The above-described condition (4) may be determined as, for example, 60% of frequency components having a high frequency with respect to, for example, a sum total of frequency components of a frequency spectrum.
In this case, the impulsive sound noise reduction processing section 252 considers all the sums of frequency components of the first frequency spectrum as 100%, and does not compare 40% of frequency components (f1, f2, . . . ) having a low frequency with those of the second frequency spectrum. The impulsive sound noise reduction processing section 252 compares 60% of frequency components (f9, f8, . . . ) having a high frequency with those of the second frequency spectrum.
Thereby, it is possible to prevent deterioration in a target sound for the frequency components having a low frequency in the frequency spectrum.
Next, an example of the operation-start-timing detected by the timing signal detection section 191 will be described with reference to FIGS. 9 and 10.
FIG. 9 is a diagram illustrating an example of the output of the AF encoder 117 and the microphone audio signal output by the microphone 230.
As shown in FIG. 9, a description will be made of an example of the case where a time period when the output of the AF encoder 117 repeats a high level and a low level is determined as a time period when an operation sound is generated by the operation unit.
In this case, a time point when the output of the AF encoder 117 initially becomes a high level is an operation-start-timing t1. Therefore, a time period when an impulsive sound is generated is started from the time point t1. In addition, a time point when the output of the AF encoder 117 finally becomes a high level and then returns to a low level is an operation-stop-timing t2. Therefore, a time period when the impulsive sound is generated is started from the time point t2.
However, in this case, there are cases where the output of the AF encoder 117 may be deviated from an actual operation-start-timing of a driving system of the AF lens 112 due to influence of backlash of the driving system (gear train or the like) of the AF lens 112. This case will be described with reference to FIG. 10. FIG. 10 is a diagram illustrating another example of the output of the AF encoder 117 and the microphone audio signal output by the microphone 230.
As shown in FIG. 10, an actual operation-start-timing of the driving system of the AF lens 112 is generated earlier (past) than the time period when the output of the AF encoder 117 repeats a high level and a low level in the time axis direction. In this case, the operation-start-timing is a time point t3, and the impulsive sound is generated within a certain time period from the time point t3.
Therefore, when the time point t1 is an operation-start-timing, the impulsive sound noise reduction processing section 252 treats the certain time period from the time point t1 as a time period having high possibility that the impulsive sound may be generated. In this case, there is high possibility that the impulsive sound may not be included in the first frequency spectrum acquired by the impulsive sound noise reduction processing section 252.

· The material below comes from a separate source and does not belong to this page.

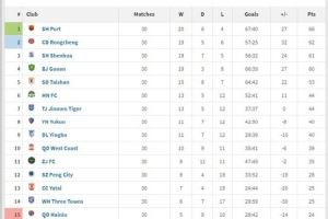 中超趣味積分榜:90分鐘積分榜、上半場積分榜、下半場積分榜

Therefore, the timing signal detection section 191, as described with reference to FIG. 10, generates an operation-start-timing signal indicating a time point when a driving control signal (command) is output to the operation unit as the operation-start-timing, in order to prevent a disadvantage that the actual start timing of the driving is deviated from the output of the AF encoder 117.

Modified Examples

Next, with reference to FIGS. 11 to 13, another example of the driving pattern of the imaging apparatus 100 according to the present embodiment will be described.
FIG. 11(A) shows an example of the relationship between a rotation direction obtained from the output of the AF encoder 117 and time. FIG. 11(B) shows an example of the relationship between a microphone audio signal and time. In addition, for convenience of description, FIG. 11(B) shows only an audio signal of the operation sound of the microphone audio signal and does not show an audio signal of the target sound. The driving pattern of the AF lens 112 shown in FIGS. 11(A) and 11(B) indicates, for example, a driving pattern in a case where an AF process for adjusting focus at a focal length β is performed.
In FIG. 11(A), the longitudinal axis expresses a rotation direction of the driving mechanism driving the AF lens 112, as an output of the AF encoder 117.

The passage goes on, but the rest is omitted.